I'd like an exact copy of every line from the start of the entries below through the line containing "다음 중 ihduser", please.

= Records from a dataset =

********

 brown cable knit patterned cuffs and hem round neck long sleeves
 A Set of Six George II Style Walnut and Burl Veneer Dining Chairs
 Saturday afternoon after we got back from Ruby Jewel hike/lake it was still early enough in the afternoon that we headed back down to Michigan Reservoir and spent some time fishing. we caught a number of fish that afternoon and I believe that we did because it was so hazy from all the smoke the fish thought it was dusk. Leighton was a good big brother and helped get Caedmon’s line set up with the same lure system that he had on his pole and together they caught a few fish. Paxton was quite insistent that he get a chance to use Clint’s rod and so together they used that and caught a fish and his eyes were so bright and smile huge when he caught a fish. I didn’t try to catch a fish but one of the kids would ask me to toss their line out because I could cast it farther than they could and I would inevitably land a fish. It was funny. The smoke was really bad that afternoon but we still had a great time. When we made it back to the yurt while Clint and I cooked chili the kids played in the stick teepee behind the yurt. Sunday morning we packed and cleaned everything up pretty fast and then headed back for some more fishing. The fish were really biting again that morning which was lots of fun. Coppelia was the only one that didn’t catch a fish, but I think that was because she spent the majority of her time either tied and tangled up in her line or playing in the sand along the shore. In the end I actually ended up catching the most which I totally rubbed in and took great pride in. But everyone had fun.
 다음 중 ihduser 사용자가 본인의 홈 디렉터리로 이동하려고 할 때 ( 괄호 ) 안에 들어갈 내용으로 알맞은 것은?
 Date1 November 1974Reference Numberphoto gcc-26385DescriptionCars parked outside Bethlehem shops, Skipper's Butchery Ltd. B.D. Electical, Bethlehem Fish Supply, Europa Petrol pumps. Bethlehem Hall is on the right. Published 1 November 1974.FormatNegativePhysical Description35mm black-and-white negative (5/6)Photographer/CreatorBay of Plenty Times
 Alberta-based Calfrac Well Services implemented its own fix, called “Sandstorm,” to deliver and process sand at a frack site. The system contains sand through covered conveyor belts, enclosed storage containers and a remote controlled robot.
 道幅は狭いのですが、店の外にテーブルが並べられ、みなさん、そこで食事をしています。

********

= Task output =
 brown cable knit patterned cuffs and hem round neck long sleeves
 A Set of Six George II Style Walnut and Burl Veneer Dining Chairs
 Saturday afternoon after we got back from Ruby Jewel hike/lake it was still early enough in the afternoon that we headed back down to Michigan Reservoir and spent some time fishing. we caught a number of fish that afternoon and I believe that we did because it was so hazy from all the smoke the fish thought it was dusk. Leighton was a good big brother and helped get Caedmon’s line set up with the same lure system that he had on his pole and together they caught a few fish. Paxton was quite insistent that he get a chance to use Clint’s rod and so together they used that and caught a fish and his eyes were so bright and smile huge when he caught a fish. I didn’t try to catch a fish but one of the kids would ask me to toss their line out because I could cast it farther than they could and I would inevitably land a fish. It was funny. The smoke was really bad that afternoon but we still had a great time. When we made it back to the yurt while Clint and I cooked chili the kids played in the stick teepee behind the yurt. Sunday morning we packed and cleaned everything up pretty fast and then headed back for some more fishing. The fish were really biting again that morning which was lots of fun. Coppelia was the only one that didn’t catch a fish, but I think that was because she spent the majority of her time either tied and tangled up in her line or playing in the sand along the shore. In the end I actually ended up catching the most which I totally rubbed in and took great pride in. But everyone had fun.
 다음 중 ihduser 사용자가 본인의 홈 디렉터리로 이동하려고 할 때 ( 괄호 ) 안에 들어갈 내용으로 알맞은 것은?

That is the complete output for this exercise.